YOUR ASSIGNMENT: If pictures appear among the lines below, leave them out while you return exactly the lines from the one with "Diam. 39 mm" through the one with "Y2K チョーカー ネックレス".

RECORDS FOR THE EXERCISE:
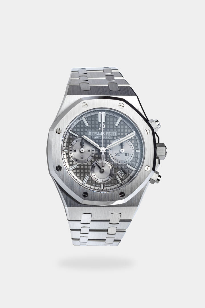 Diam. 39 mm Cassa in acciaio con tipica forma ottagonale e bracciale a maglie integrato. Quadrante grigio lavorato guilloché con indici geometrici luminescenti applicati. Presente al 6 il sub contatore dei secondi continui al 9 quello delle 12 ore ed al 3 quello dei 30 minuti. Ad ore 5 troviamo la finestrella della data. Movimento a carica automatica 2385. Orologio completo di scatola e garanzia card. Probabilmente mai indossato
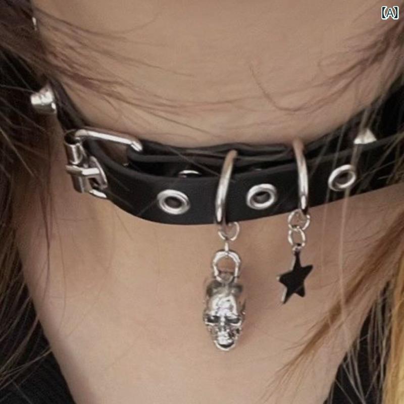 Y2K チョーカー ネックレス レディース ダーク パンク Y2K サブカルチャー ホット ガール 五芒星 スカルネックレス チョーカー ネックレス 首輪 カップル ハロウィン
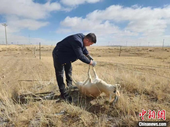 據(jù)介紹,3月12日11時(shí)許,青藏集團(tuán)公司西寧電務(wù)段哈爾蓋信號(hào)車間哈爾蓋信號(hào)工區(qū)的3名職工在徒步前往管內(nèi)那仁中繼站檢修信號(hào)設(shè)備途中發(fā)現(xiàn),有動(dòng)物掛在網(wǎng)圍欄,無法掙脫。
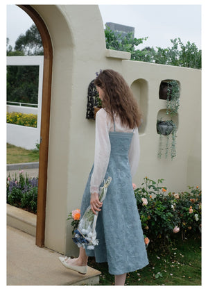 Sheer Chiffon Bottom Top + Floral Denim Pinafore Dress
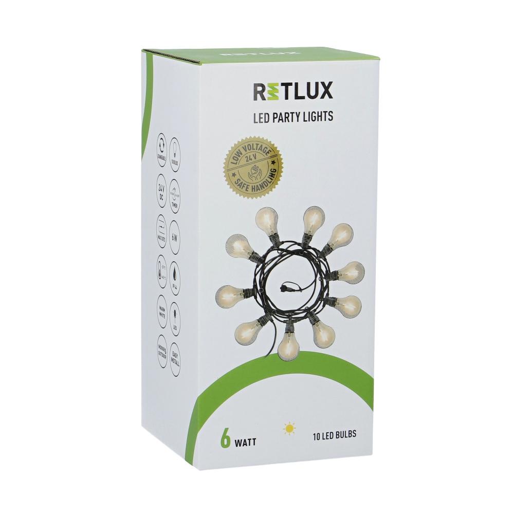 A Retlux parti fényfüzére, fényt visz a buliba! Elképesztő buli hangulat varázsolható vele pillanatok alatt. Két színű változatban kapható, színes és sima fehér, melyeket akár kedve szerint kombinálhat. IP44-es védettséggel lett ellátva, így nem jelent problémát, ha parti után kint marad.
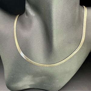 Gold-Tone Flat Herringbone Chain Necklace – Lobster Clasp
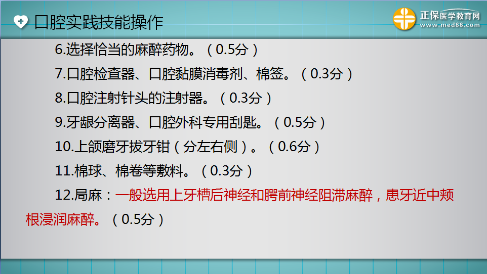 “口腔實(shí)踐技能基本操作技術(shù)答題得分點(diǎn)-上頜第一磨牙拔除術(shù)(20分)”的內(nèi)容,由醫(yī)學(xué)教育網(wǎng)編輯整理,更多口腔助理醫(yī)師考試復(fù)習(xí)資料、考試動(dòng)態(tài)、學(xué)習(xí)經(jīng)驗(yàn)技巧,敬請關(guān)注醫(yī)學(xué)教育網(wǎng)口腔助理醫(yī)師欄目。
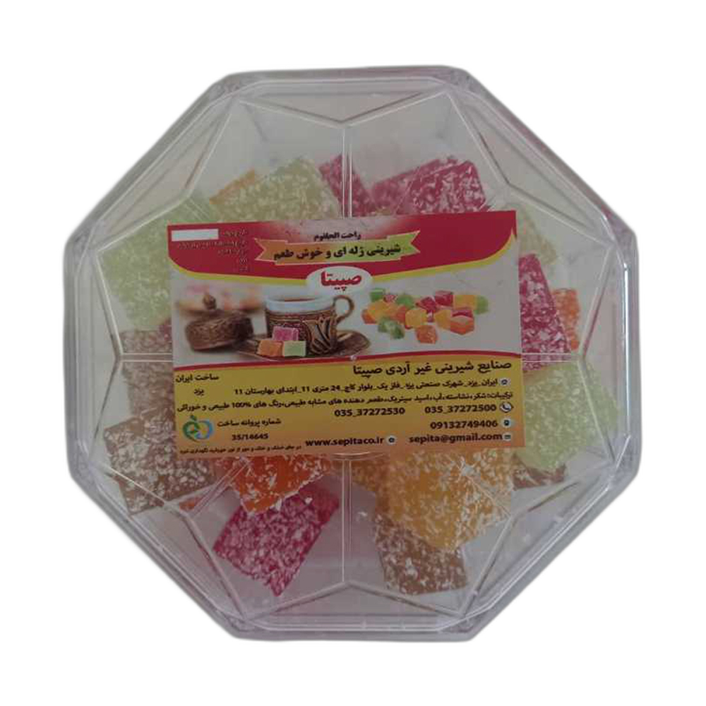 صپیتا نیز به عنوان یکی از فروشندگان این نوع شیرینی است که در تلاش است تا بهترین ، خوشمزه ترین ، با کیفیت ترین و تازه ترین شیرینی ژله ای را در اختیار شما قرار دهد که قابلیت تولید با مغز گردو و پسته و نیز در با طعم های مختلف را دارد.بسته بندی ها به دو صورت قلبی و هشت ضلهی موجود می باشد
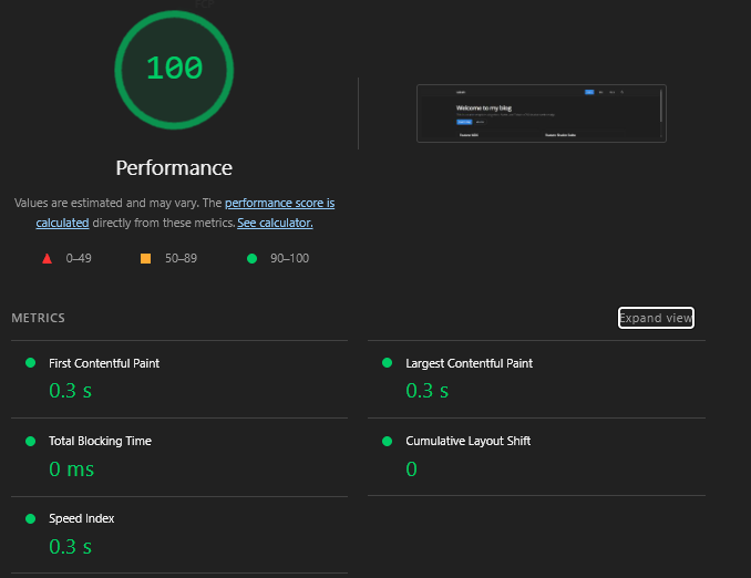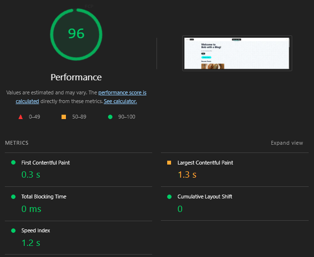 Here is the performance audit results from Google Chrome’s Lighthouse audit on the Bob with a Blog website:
--
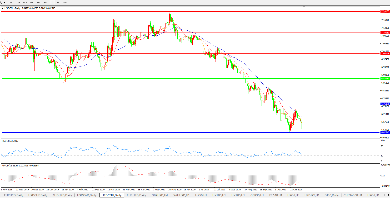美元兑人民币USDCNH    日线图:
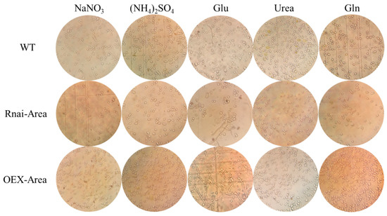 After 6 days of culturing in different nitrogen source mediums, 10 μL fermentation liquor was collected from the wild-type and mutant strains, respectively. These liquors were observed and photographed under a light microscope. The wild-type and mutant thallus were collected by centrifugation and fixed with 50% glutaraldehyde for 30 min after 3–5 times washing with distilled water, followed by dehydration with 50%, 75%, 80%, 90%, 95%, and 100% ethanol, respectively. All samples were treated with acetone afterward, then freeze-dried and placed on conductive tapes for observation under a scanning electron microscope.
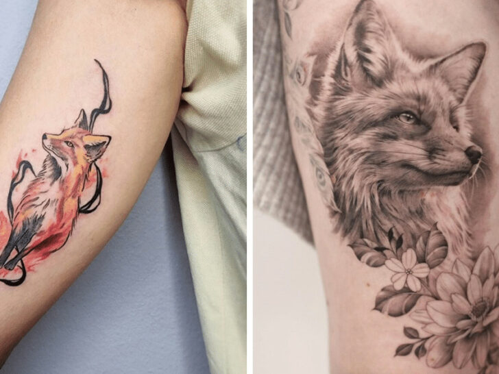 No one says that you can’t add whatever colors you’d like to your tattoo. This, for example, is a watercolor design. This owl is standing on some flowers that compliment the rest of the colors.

RESPONSE TO THE TASK:
 Diam. 39 mm Cassa in acciaio con tipica forma ottagonale e bracciale a maglie integrato. Quadrante grigio lavorato guilloché con indici geometrici luminescenti applicati. Presente al 6 il sub contatore dei secondi continui al 9 quello delle 12 ore ed al 3 quello dei 30 minuti. Ad ore 5 troviamo la finestrella della data. Movimento a carica automatica 2385. Orologio completo di scatola e garanzia card. Probabilmente mai indossato
 Y2K チョーカー ネックレス レディース ダーク パンク Y2K サブカルチャー ホット ガール 五芒星 スカルネックレス チョーカー ネックレス 首輪 カップル ハロウィン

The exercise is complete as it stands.